Manufacturers and service providers have been urged to adopt a data-driven pricing model in order to maintain their competitive edge and navigate the shifts in the new unpredictable world.
The Punch reported that stakeholders said this at the NielsenIQ Breakfast Conference with the theme “Navigating the New World of Uncertainty” held recently in Lagos.
The stakeholders believe that careful data research on pricing must come first before making any strategic decisions in order to handle the growing brand switching caused by price rises.
The Associate Director of Retail Intelligence at NielsenIQ Nigeria, Joyce Nwachukwu, stated that a report on the company’s global study conducted a year ago revealed a significant decline in consumers’ purchasing power, with 39% of consumers worldwide reporting that their financial situations were getting worse.
She claimed that the recovery from the Covid-19 epidemic in 2021 was slower in Saharan Africa.
She said: “We are aware of Africa’s continued struggles with corruption, ineffective leadership, and poverty. It is still a viable market, though. Africa takes pride in its population, which is expected to expand by a factor of two by the year 2050 to about two billion people and more.”

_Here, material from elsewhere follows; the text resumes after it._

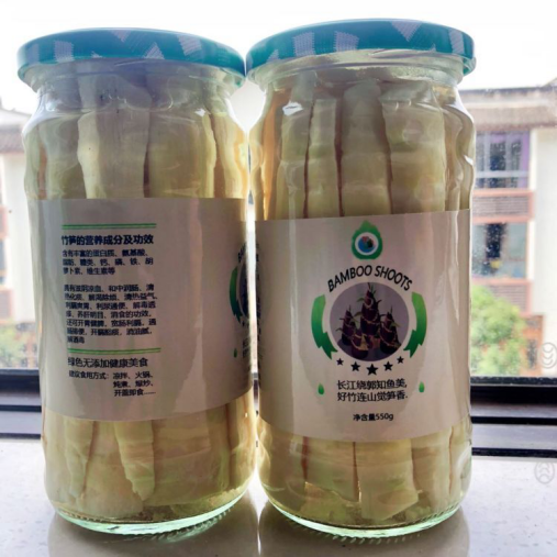 经多次实地探访后,我们了解到当地人为了保存竹笋这份美味,利用当地山泉水、竹柴,将竹笋密封在玻璃罐内高温蒸馏,制成竹笋罐头,据了解此方法可保存3年及以上,且丝毫不影响竹笋的营养价值和鲜甜爽脆的口感。其还有“无添加”、“纯天然绿色有机”的优点。

The managing director of NielsenIQ East and West Africa, Faith Wanderi, emphasized the importance of businesses being aware of current issues including inflation, poverty, unemployment, rising gasoline prices, and fluctuating currency exchange rates.
She underlined the significance of concentrating their efforts on particular areas in order to successfully traverse those complexities and achieve sustained growth and prosperity.
The Senior Research Manager at NielsenIQ, Tosin Onayemi, claimed that since the start of the year, a sizable portion of Nigerians have seen a reduction in their purchasing power, prompting them to reassess their priorities and spending patterns globally.
“People are now paying closer attention to their finances and reconsidering how they allocate their funds,” he claimed.